Wires Under Tension Light Science

[Western Vinyl; 2011]

Styles: electronic, fusion, post-rock
Others: Slow Six, Do Make Say Think, Jaga Jazzist, Tortoise, Penguin Café Orchestra, Alamaailman Vasarat

Last year, amorphous Brooklyn post-rock commune Slow Six put out a reliably solid album called Tomorrow Becomes You, and ‘reliable’ is surely the last thing that anyone expects of post-rock in the 2010s. It’s fitting, then, that this year, Slow Six maestro Christopher Tignor and recently adopted drummer Theo Metz fake a manic episode and gorge themselves in a new set of oiled electronics to form Wires Under Tension. Tignor’s swapped in a few androids, but it’s the usual revolving door of guests for him. Why, you may ask, isn’t this a Slow Six album then? The easy-enough answer is that it just ain’t particularly slow: the arpeggios, once rapturous and explosive real-time virtuoso moments, now rattle endlessly through the songs like appliances. A seemingly adventurous clusterfuck of what-ifs (their exact instruments and processes are available online at Light Science 101) add up to an oddly familiar post-minimalist/Balkan/nu-jazz fusion that has yet to receive its proper tag. On Light Science, Wires Under Tension are all about how tightly they can coil that idiom.

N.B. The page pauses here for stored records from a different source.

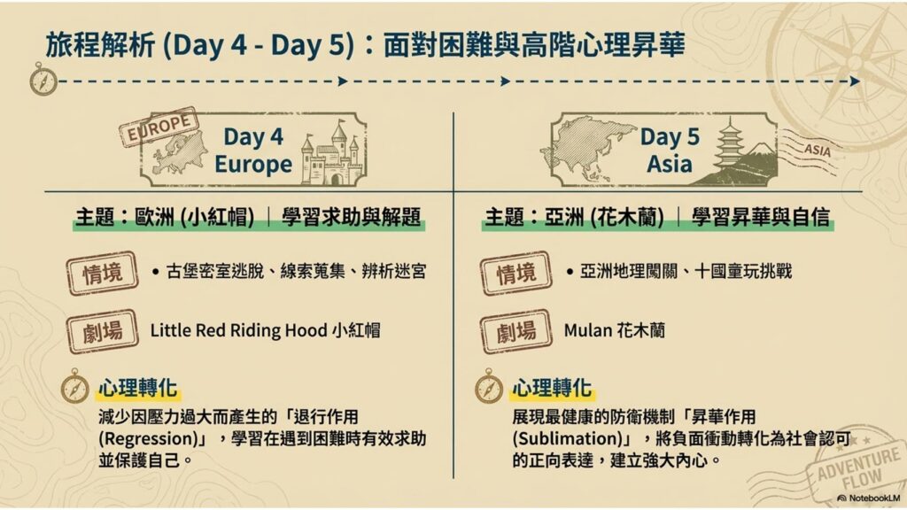 PSafari成長學習:透過【Little Red RidingHood 花木蘭】,學習如何在遇到困難、負面事件的的過程中不直接表達。而是將心中糟糕的衝動或慾望,以社會可以接受的方式表達出來。也就是昇華(Sublimation)作用,是最健康的防衛機制。
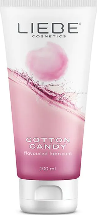 Lubrificante à base de água Liebe Cotton Candy, com sabor intenso a algodão-doce e completamente comestível. Não contém açúcar, glúten nem parabenos; é fluido, não pegajoso e compatível com preservativos e brinquedos eróticos. Perfeito para quem quer um lubrificante agradável ao paladar para sexo oral e para melhorar o deslizamento na penetração vaginal ou anal.
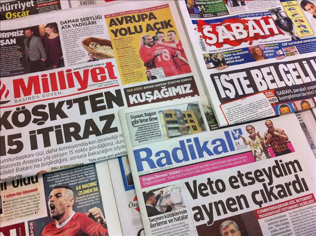 Turkish dailies cover President Abdullah Gul's remarks on the recent judicial reform along with another law on Internet regulations. Daily Milliyet's headline is "15 objections from the (Presidential) Palace," with the daily quoting Gul as saying the law on the Supreme Board of Judges and Prosecutors (HSYK) containes 15 instances of constitutional violation.

Metz makes it his primary goal to keep up with these galloping electronics, and you can just visualize his concerted party-on brow as he armwrestles open his polyrhythm pop-up book. Don’t get me wrong: he’s an extraordinarily talented guy. But the loops are just barbells to him. I was trying to figure out why the sickening violin in “Wood, Metal, Bone” — a teeter lifted straight out of The Velvet Underground’s “Black Angel Death Song” — didn’t signal complete triumph, why I felt like the song was occasionally stuck in neutral. Metz, by process of elimination, had to be the homogenizing factor. He ends up having a smoothing, almost maternal effect on these songs. It’s almost as if this time he’s the one with the baton, all “Now, class,” while Tignor goes hog-wild, twiddling knobs, changing pitches, stamping in new layers. More neat moments arise from these latter manipulations than I care to admit, or whose timestamps to jot. But none of it can save the songs that are fundamentally boring; “Irreversible Machines” encircles a crooked shrug of a violin line with ‘sassy-brass’ blats, a motif that seems to be an unfortunate favorite. Yet in an unexpected turn, the jittery “Mnemonics in Motion” is successfully besieged (and its identity hijacked) by molten pitch shifts. Score for the machines!

But an old dog can’t teach itself new tricks, and if accusations that Light Science is cold or inhuman are missing the point, accusations that it’s still post-rock by association are right on. Optimism, here, is just a thrown switch away; opener “Electricity Turns Them On” ditches its xylophonic eeriness two minutes in for a sudden frolic in the meadow, and with it frolics off any hope for narrative cohesion. The aforementioned “Mnemonics in Motion” pays a little more attention to texture than other songs (see again: sassy-brass blats), but it still, like every other song on the album, gets baptized in a soaring violin line. No matter the number of auditory goodies, crescendos are still ‘the point.’ That such violin lines are faster than their historical precedents actually, counterintuitively, points out how little the basic major-key melodies themselves had to do with post-rock’s effect in its heyday.

It’s not my place to judge what circumstances lead Tignor to find salvation in this stuff right now, but it definitely undercuts whatever his project, or projected project, was in forming Wires Under Tension. Namely, for anyone invested in billowy/organic/communal music, the introduction of machines has got to feel risky somehow. Metz took it as a personal challenge, which he met. Tignor had himself a tea party. Light Science manages, thus, to be impressively conducted, self-announcing, and well dressed while remaining static, safe, and a tad lonely. I get that the album could be seen as pointing out how it feels to be eternally fraught and unresolved, and okay, I might even buy that their clumsy mood-qwops are also a statement about, what, whether the forces of modernization can do anything about it. The unresolved mentality is probably healthy; it probably keeps such artists prolific. But at the end of seven tracks and a single irksome half-hour, they seem to have already exhausted their case to the listener. We can only hope they’ve convinced themselves, too.